Think about it this way. If the government outright seized 1% of your home each year and sold that partial interest to Blackrock, that would clearly be an unconstitutional taking. Whereas if they just demand 1% of the property value in cash every year, but seize the entire thing if you can’t pay, the courts say well, that is completely different.
If it did happen, what would be a better way for local governments to pay for services? Well, how about a sales tax on property sales? I know that sounds horrible, but if you only had to pay once, instead of forever, it might be worth it. And even though the tax would prominently appear in annoying bold typeface at the bottom of every sales contract, you probably wouldn’t even really pay for it, since sellers would have to adjust property prices downwards to accommodate the built-in cost of the tax.
In that sense, both buyers and sellers would share in the initial tax burden, and people would actually own their homes instead of renting them from the county commission.

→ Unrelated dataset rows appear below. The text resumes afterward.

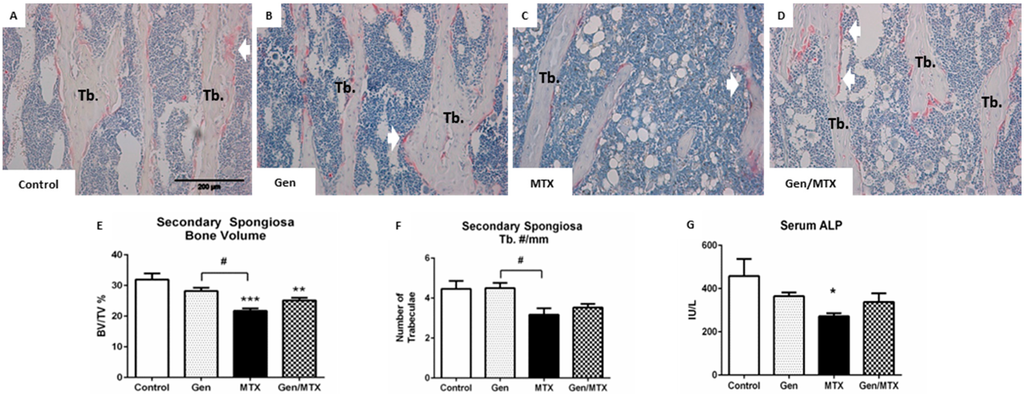 As an assessment of the treatment impact on bone formation, the serum concentrations of bone formation marker alkaline phosphatase (ALP) were measured and were shown to be significantly reduced following MTX treatment when compared to the control (Figure 2G). However, there were no differences between other groups, and genistein in combination with MTX did not rescue this MTX effect.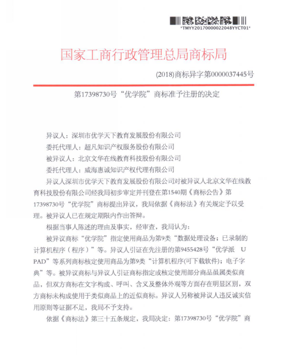 我所代理的優(yōu)學(xué)院商標(biāo)異議答辯成功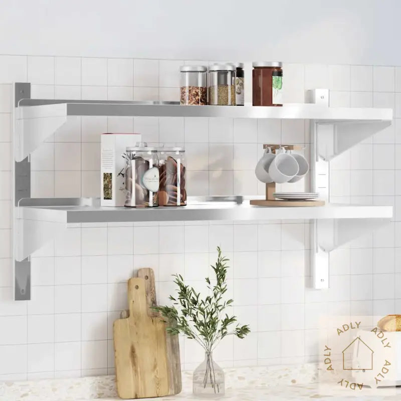 Vegghylle 2 Etasjer 50X23,5X48 Cm Sølv Rustfritt StålVegghylle 2 Etasjer 50X23,5X48 Cm Sølv Rustfritt Stål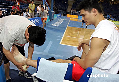 圖為將要在開幕式上擔(dān)任中國(guó)奧運(yùn)代表團(tuán)旗手的姚明(右)在訓(xùn)練前接受隊(duì)醫(yī)對(duì)其進(jìn)行包裹保護(hù)。

Anyway, I’m a lawyer, not a tax expert. A sales tax is just one idea. But ending property taxes would restore true property ownership, free us from being de facto tenants of the government, encourage local governments to run efficiently instead of sitting back and leeching off property owners, and the sales tax idea would make local taxation far more transparent and honest.
It’s already a totally bonkers year, let’s just go for it and end property taxes once and for all. Who’s with me?
© 2022, Jeff Childers, all rights reserved. Fair Use Claimed.
Click here for the complete posting from Jeff Childers with reader comments
Most informative intro and article!
What a ripoff! I warn my friends who think of investing in real estate in the US or Europe; forget it... there all sorts of taxes...
Quote: "Meanwhile, we now have a fancy new pavilion in our town park with solar panels, a good-sized patch of land, and, of course, a users fee. We have never seen ANYONE use the new pavilion and rarely does anyone use the ones that are already there"
Classical... without "projects" there are no expenses and no kickbacks... so all town governments/municipalities have new projects for the sake of projects not for the benefit of the community.
The system is geared against what is left of the middle class, I doubt change can be achieved.
Unbelievable! The only thing one could say is, what ditch pigs, what greed! They keep people from living their lives so they could stay as leeches attached to their hard work energy.